Assignment: Copy out all the lines of the data that hold the word "forest".

Provided data:
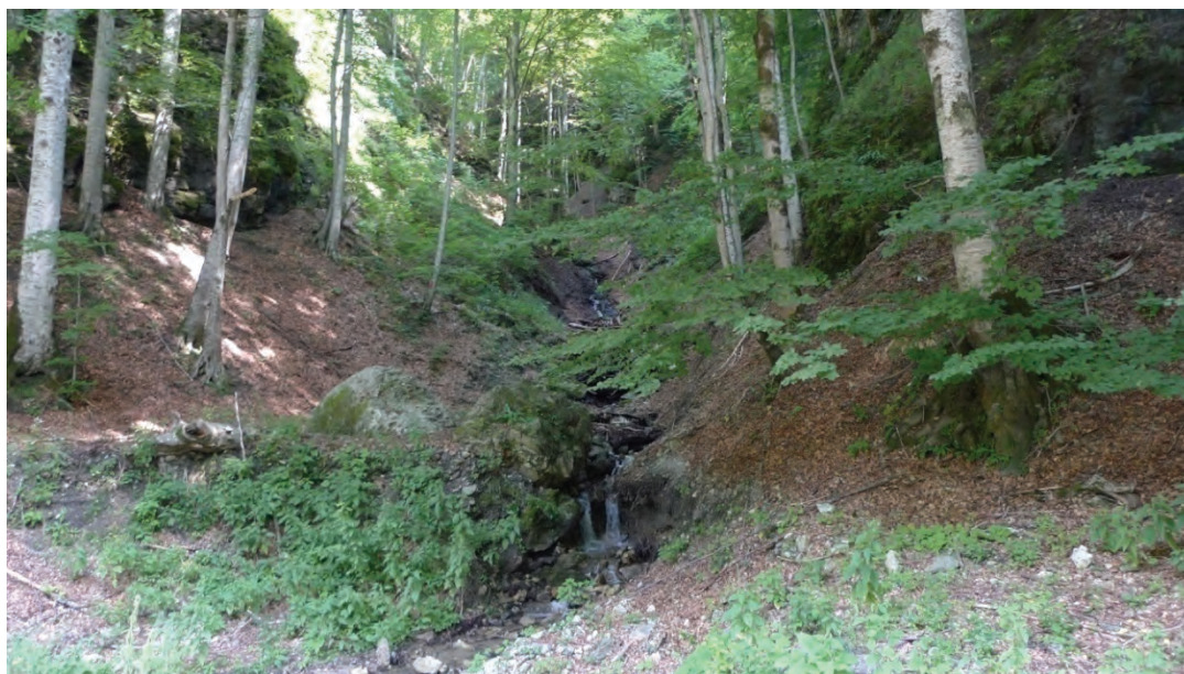
Figure 2. Beech forest in Valea Vâlsanului Reserve (original).

Potential threats are related to property regime, the lack of understanding of the legislation of nature protection, misapplication by the state of the compensation for the limitation or suppression of protective measures in the protected areas. Cutting, extraction of alive or dead wood from private forest is a dangerous issue for the present and also for the future. Arboretum composition from the high altitudes will change, even if exploitation will be made according to ecological shares. It will be necessary to introduce softwood seedlings.
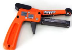
Upper-jaw is open

The FST-12 is a tool to split a 12-fiber ribbon into individual fibers with separation ratio from 1:11 to 6:6. This handy tool is designed for operation in limited space in splice closure. Sub-groups of fibers can be extracted by performing two overlapping separation of the ribbon.
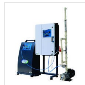
Ozone Generator For STP, ETP, WTP
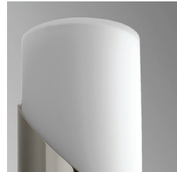
-1 White Opal Glass
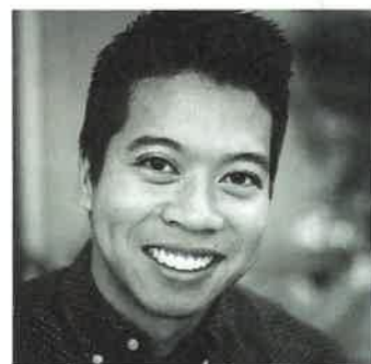
RAY Ray Prop Photography

Ray Prop Photography is pleased to announce that we will be providing graduation portraits for the Class of 2024. Family and graduation pictures will begin at 3:00pm and conclude at 5:00pm, by appointments only. To ensure a smooth graduation portrait experience, we kindly request that families arrive 15 minutes before their scheduled appointment. To schedule an appointment ASAP, call (314) 783-6659. After graduation, you will be sent a direct link to access your photos in our graduation portrait gallery.
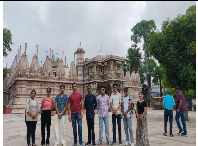
Dekho Amdavad City Tour
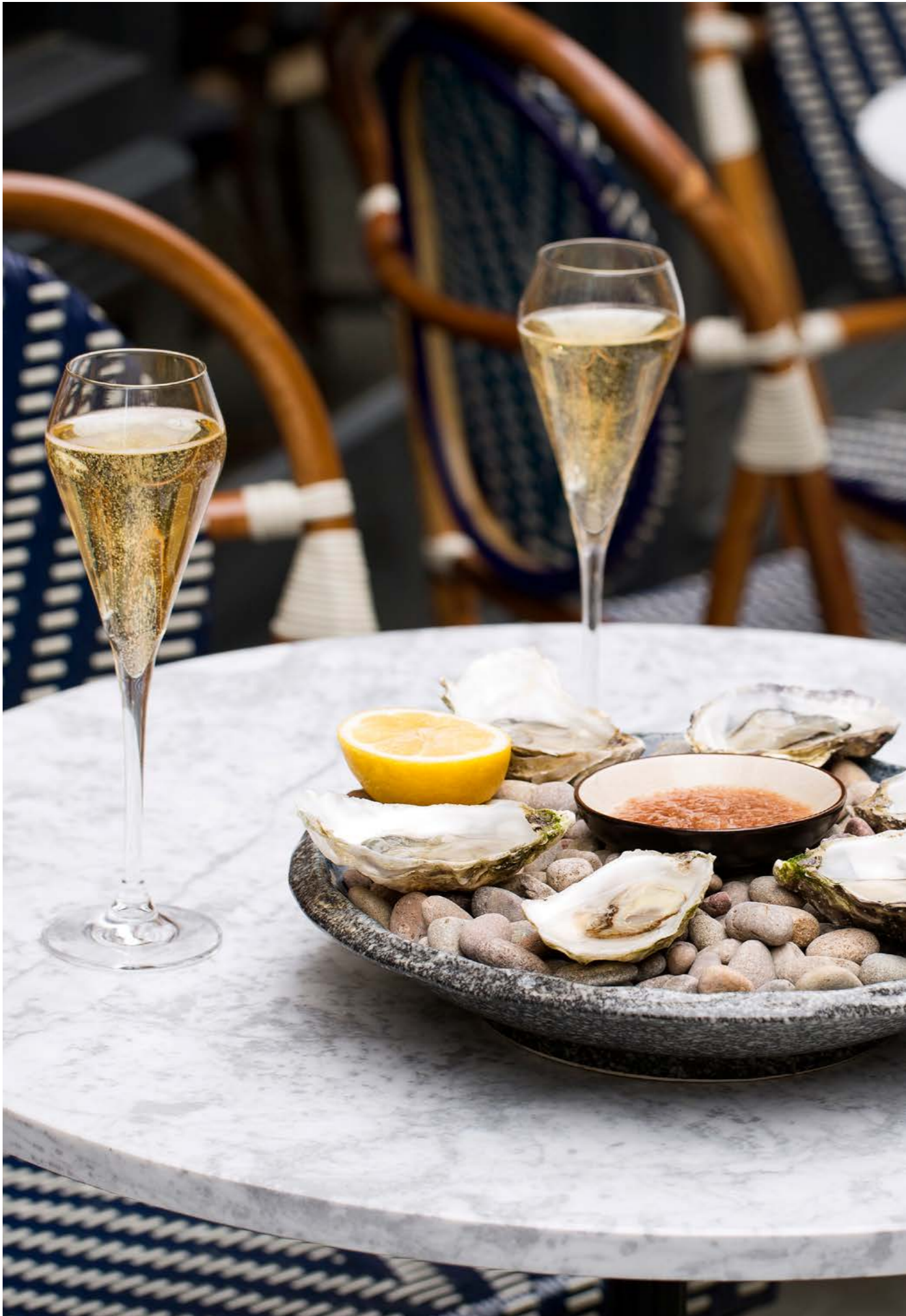
Comptoir Café & Wine

Answer for the task:
Figure 2. Beech forest in Valea Vâlsanului Reserve (original).
Potential threats are related to property regime, the lack of understanding of the legislation of nature protection, misapplication by the state of the compensation for the limitation or suppression of protective measures in the protected areas. Cutting, extraction of alive or dead wood from private forest is a dangerous issue for the present and also for the future. Arboretum composition from the high altitudes will change, even if exploitation will be made according to ecological shares. It will be necessary to introduce softwood seedlings.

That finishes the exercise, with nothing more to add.